[Excerpts from a dataset]
Start of Block
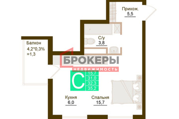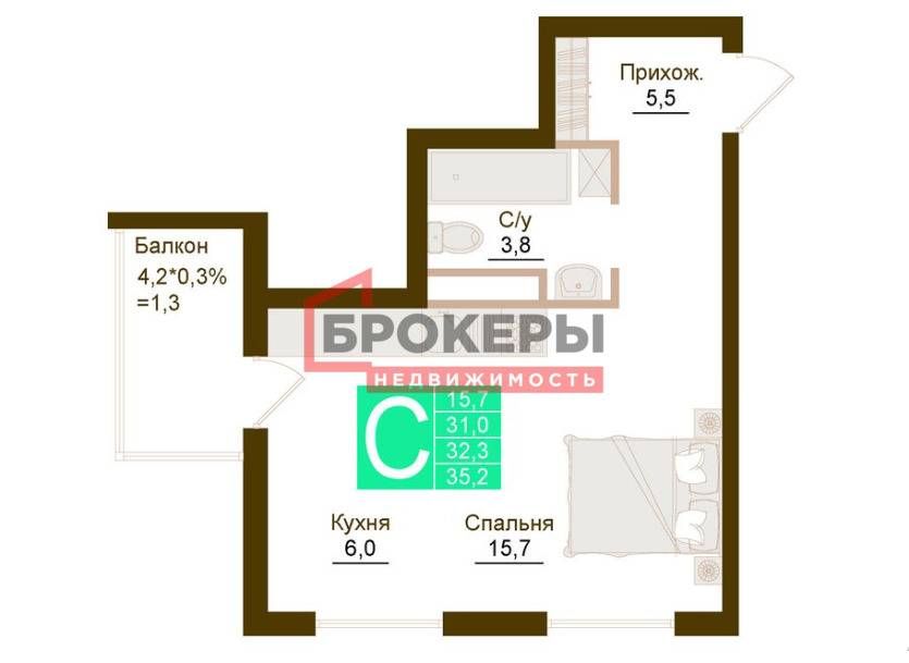 -Общая площадь - 35,2 м2
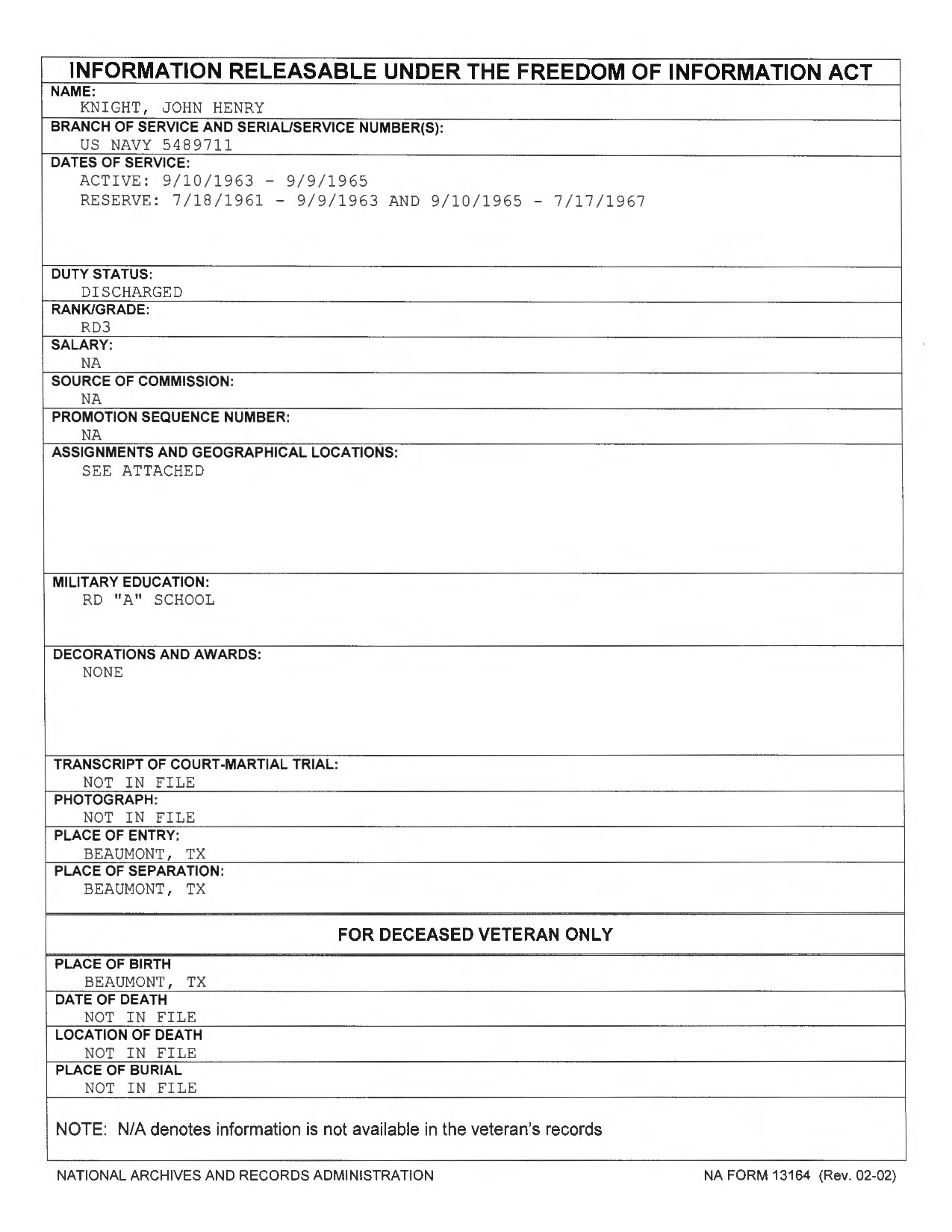 Those pesky official forms with dates have reared their ugly heads again. He had what appeared to be 2 years of non dick stepping service. I won’t speak dead of the evil lies.
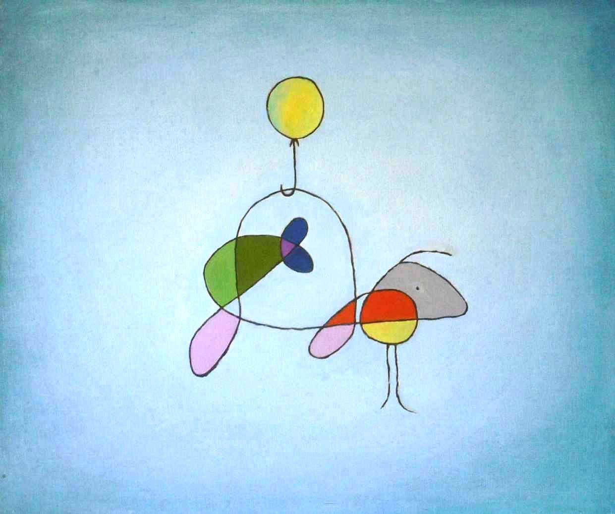 | Ein lullisches Bild (Näheres zu "lullish" s. in Reiter Biografie ), bei dem bis auf Beine und Luftballon fast alles mit einem einzigen schnell gezogenen Strich gemalt wurde. Natürlich wurden auch die Farben nachträglich hinzugefügt. |
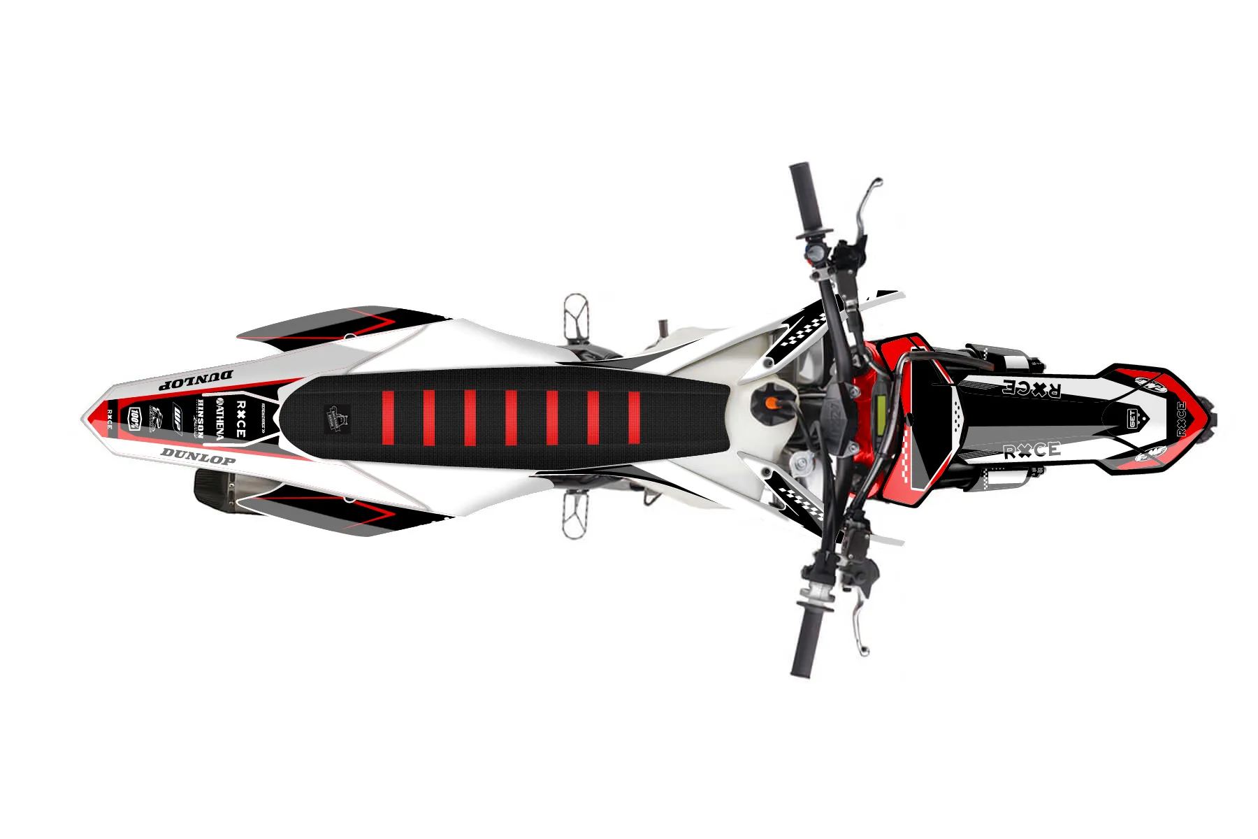 «datnewnew» — готовый комплект графики серии Staple для KTM MX Graphic Kit KTM SX-F 250 2013. В комплекте: графика на бак и боковые облицовки, крылья (переднее и заднее), передний щиток, номерные таблички, защита вилки. Материал: ПВХ-винил 80 мкр с холодной ламинацией 300 мкр, общая толщина 380 мкр; покрытие глянцевое или матовое на выбор. Устойчив к UV-излучению, воде, бензину и мойке высокого давления. Клей акриловый на сольвентной основе — постоянный, для гибких пластиков. На простых поверхностях монтируется без нагрева; для сложных изгибов рекомендуем фен. Этот пресет можно заказать как есть или взять за основу в конструкторе: поменять цвета, добавить стартовый номер и свой бренд. Производство — 3–5 рабочих дней, доставка по России СДЭКом или Почтой, по СНГ — курьерскими службами.
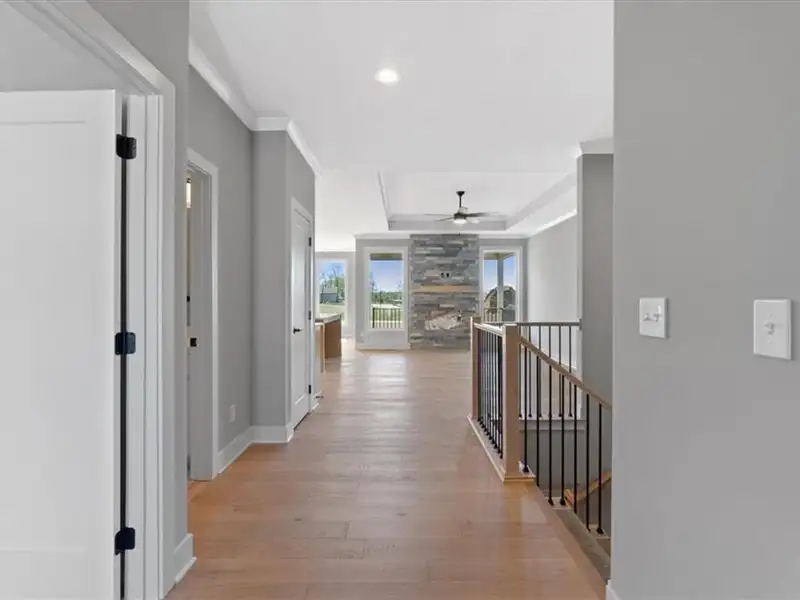 - Floor-to-ceiling stone fireplace
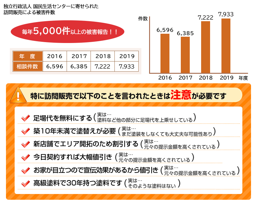 訪問販売の会社が来て以下のことを言われた場合は注意が必要です。訪問販売の全てが悪い業者ではありませんが、トラブルが多いのは事実です。
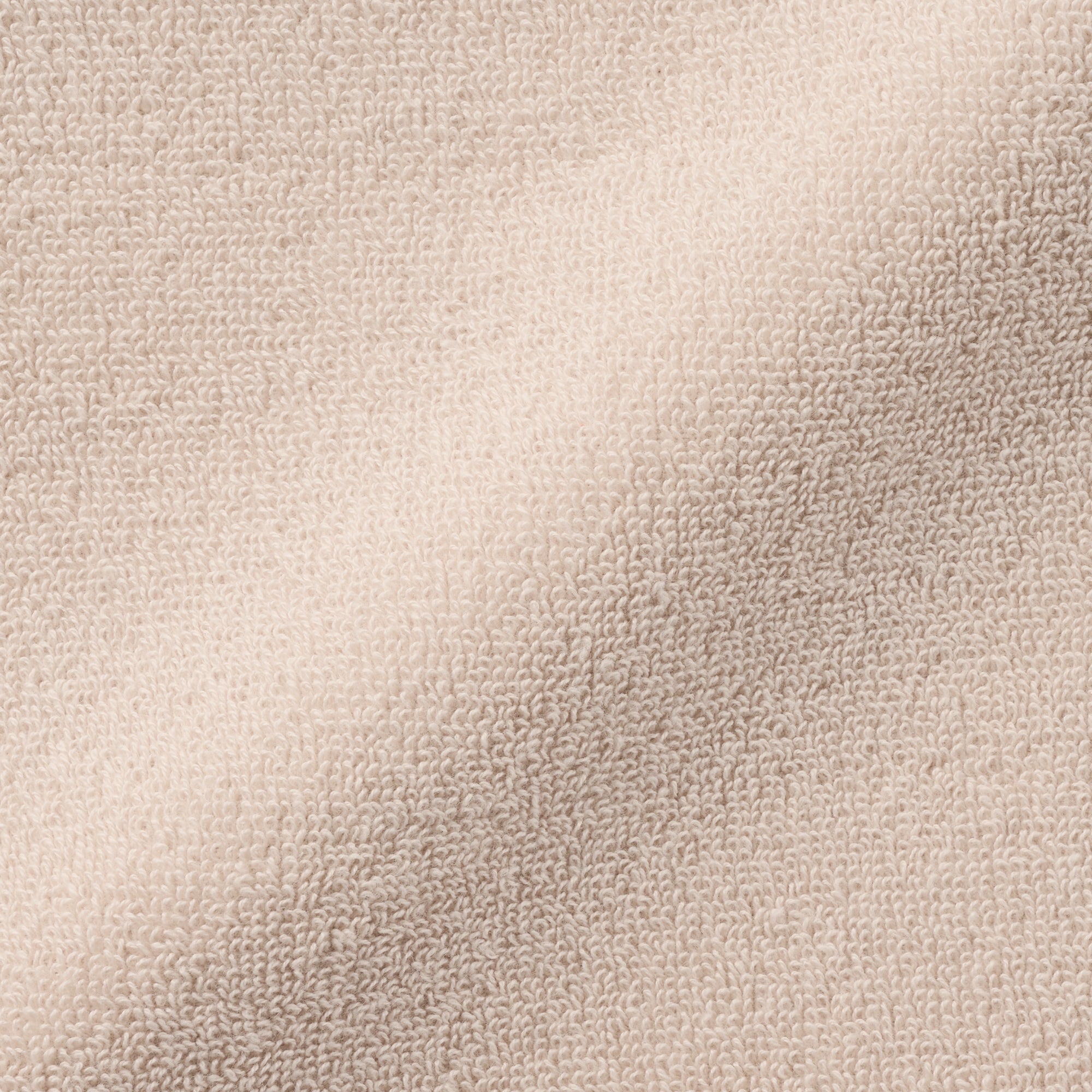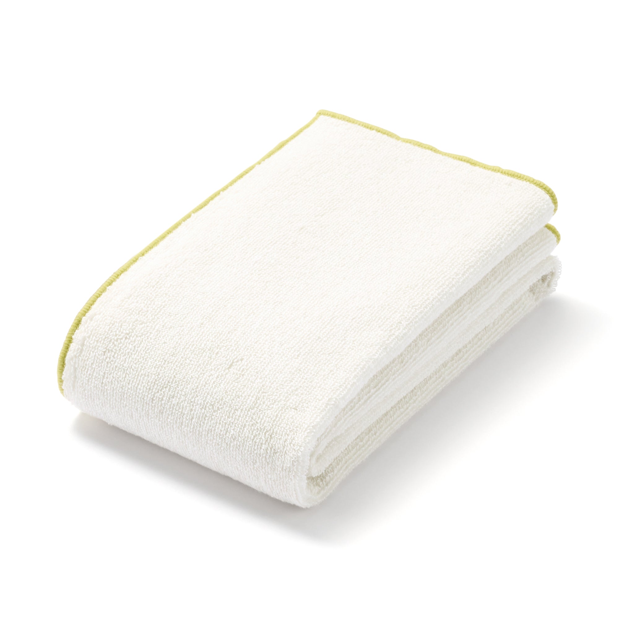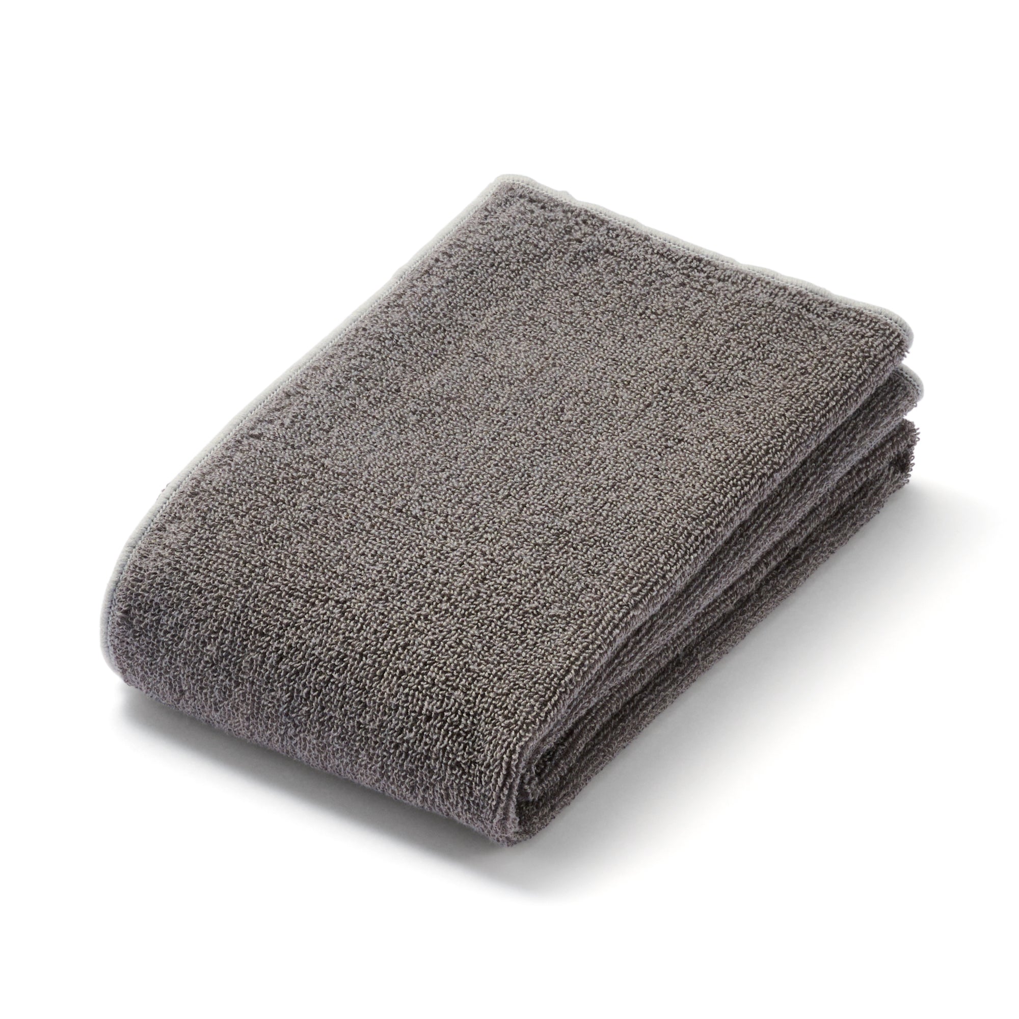 This pile weave face towel is great for drying wet hands or washing your face. The perimeter is made with narrow stitching and pile all the way to the edge. so it doesn’t take up much space when folded.
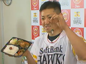 内川選手はまず用意されたホークス弁当をぱくりとひと口。「非常においしいです。見た目もボリュームがあって良いですね」と気に入り、次々とおかずを口に運んでいました。
End of Block
Exercise>
Beginning with the line that contains "- Floor-to-ceiling stone fireplace" and ending with the last line of the data above, output those lines exactly and nothing more, without any pictures.

Answer area>
 - Floor-to-ceiling stone fireplace
 訪問販売の会社が来て以下のことを言われた場合は注意が必要です。訪問販売の全てが悪い業者ではありませんが、トラブルが多いのは事実です。
 This pile weave face towel is great for drying wet hands or washing your face. The perimeter is made with narrow stitching and pile all the way to the edge. so it doesn’t take up much space when folded.
 内川選手はまず用意されたホークス弁当をぱくりとひと口。「非常においしいです。見た目もボリュームがあって良いですね」と気に入り、次々とおかずを口に運んでいました。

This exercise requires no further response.